-- Opening Marker --
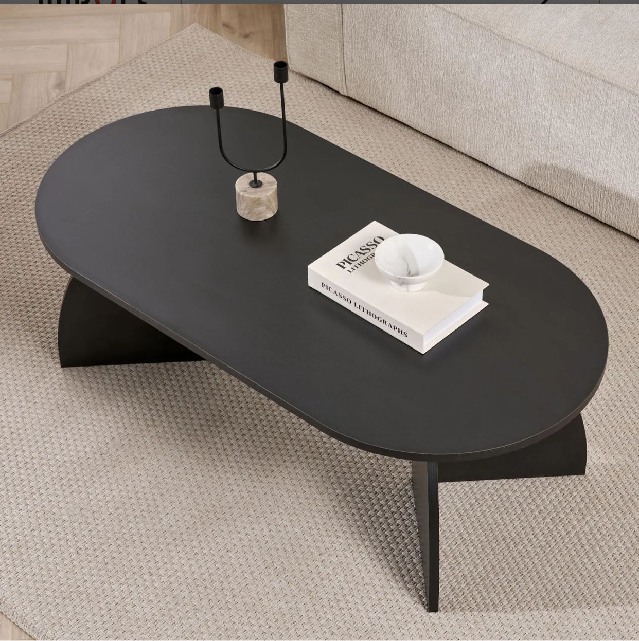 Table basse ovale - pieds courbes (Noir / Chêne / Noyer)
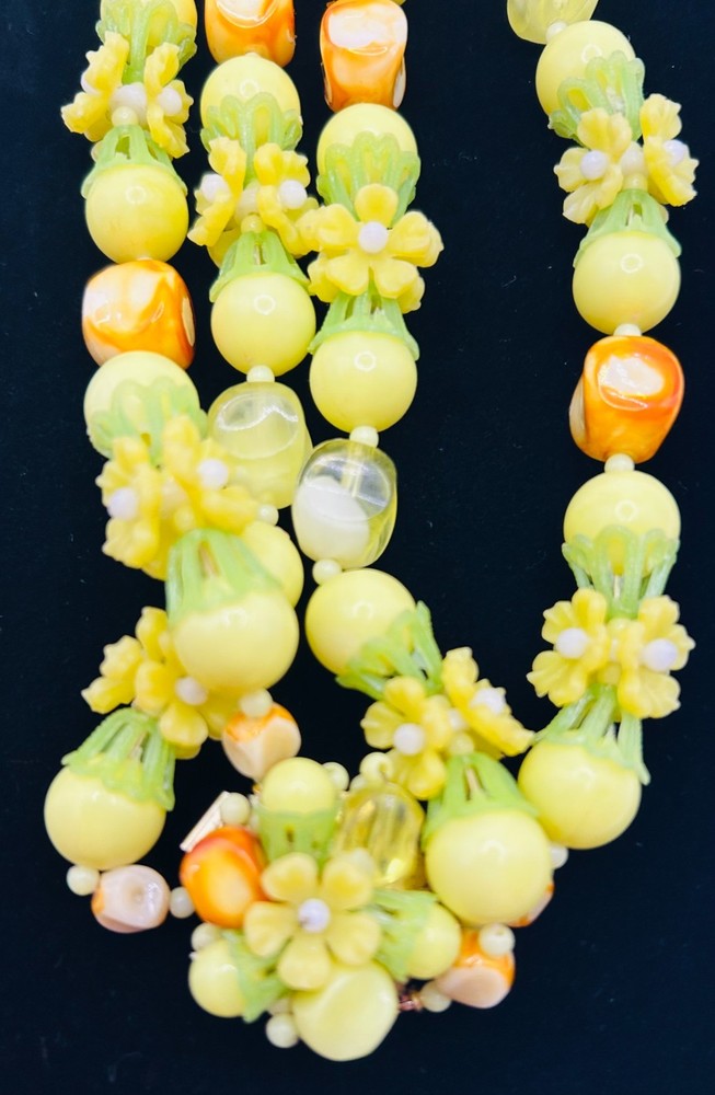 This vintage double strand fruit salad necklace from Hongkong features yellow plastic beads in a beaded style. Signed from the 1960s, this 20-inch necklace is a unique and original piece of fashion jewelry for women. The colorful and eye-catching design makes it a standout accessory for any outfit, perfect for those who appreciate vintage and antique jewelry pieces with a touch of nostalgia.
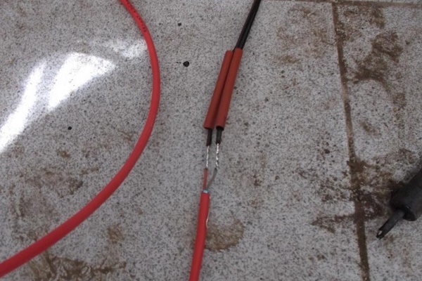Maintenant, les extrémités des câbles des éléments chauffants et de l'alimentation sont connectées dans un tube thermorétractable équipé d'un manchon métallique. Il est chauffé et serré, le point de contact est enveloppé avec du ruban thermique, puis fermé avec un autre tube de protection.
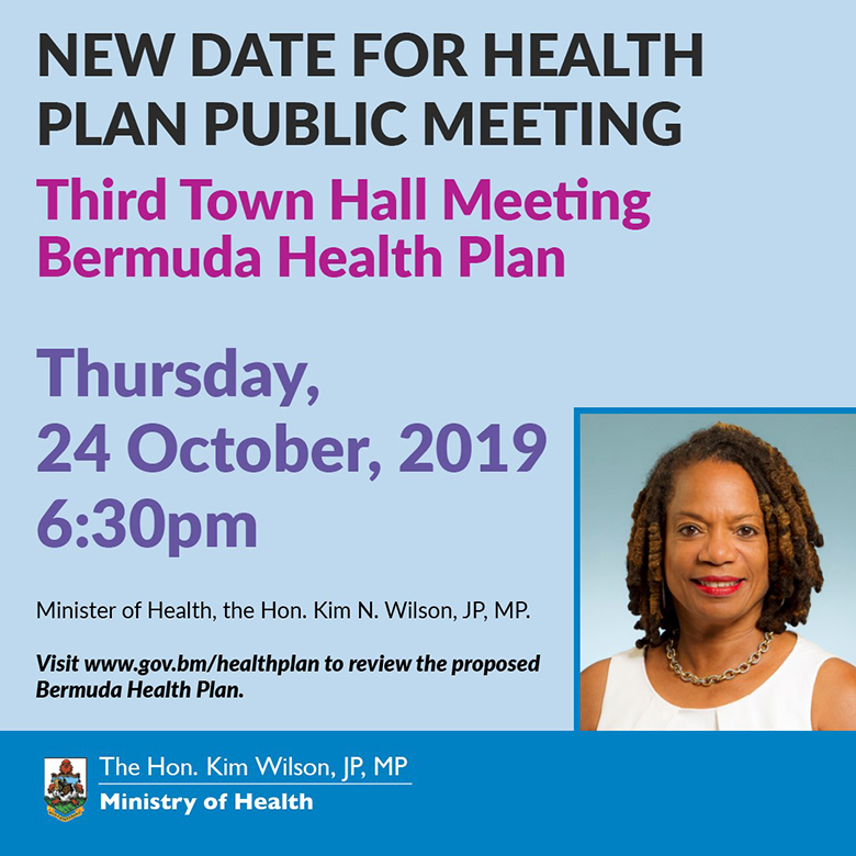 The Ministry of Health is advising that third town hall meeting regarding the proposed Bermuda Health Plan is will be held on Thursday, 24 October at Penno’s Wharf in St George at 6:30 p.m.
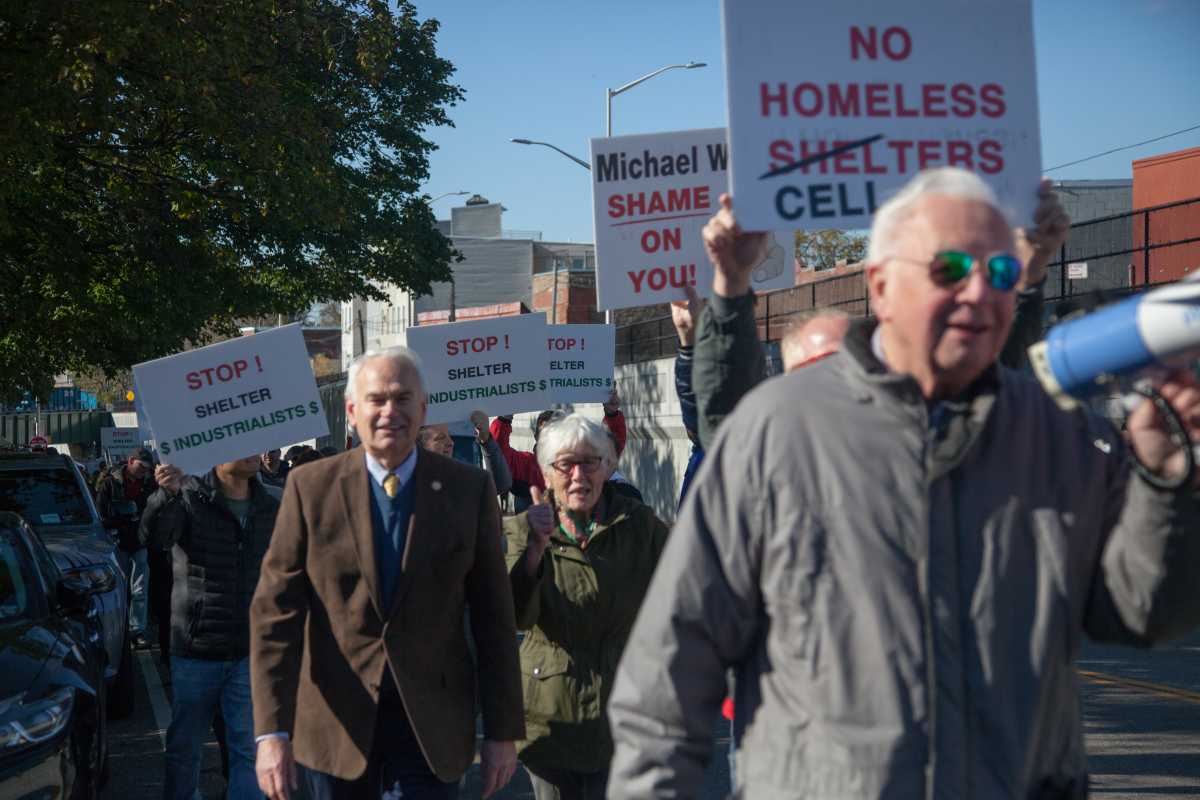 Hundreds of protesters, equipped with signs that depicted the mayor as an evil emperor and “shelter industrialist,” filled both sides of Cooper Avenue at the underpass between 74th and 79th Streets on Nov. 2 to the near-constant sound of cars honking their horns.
-- Closing Marker --
TASK DETAILS
Output the data above without changes, apart from leaving out the pictures.

EXPECTED ANSWER
 Table basse ovale - pieds courbes (Noir / Chêne / Noyer)
 This vintage double strand fruit salad necklace from Hongkong features yellow plastic beads in a beaded style. Signed from the 1960s, this 20-inch necklace is a unique and original piece of fashion jewelry for women. The colorful and eye-catching design makes it a standout accessory for any outfit, perfect for those who appreciate vintage and antique jewelry pieces with a touch of nostalgia.
Maintenant, les extrémités des câbles des éléments chauffants et de l'alimentation sont connectées dans un tube thermorétractable équipé d'un manchon métallique. Il est chauffé et serré, le point de contact est enveloppé avec du ruban thermique, puis fermé avec un autre tube de protection.
 The Ministry of Health is advising that third town hall meeting regarding the proposed Bermuda Health Plan is will be held on Thursday, 24 October at Penno’s Wharf in St George at 6:30 p.m.
 Hundreds of protesters, equipped with signs that depicted the mayor as an evil emperor and “shelter industrialist,” filled both sides of Cooper Avenue at the underpass between 74th and 79th Streets on Nov. 2 to the near-constant sound of cars honking their horns.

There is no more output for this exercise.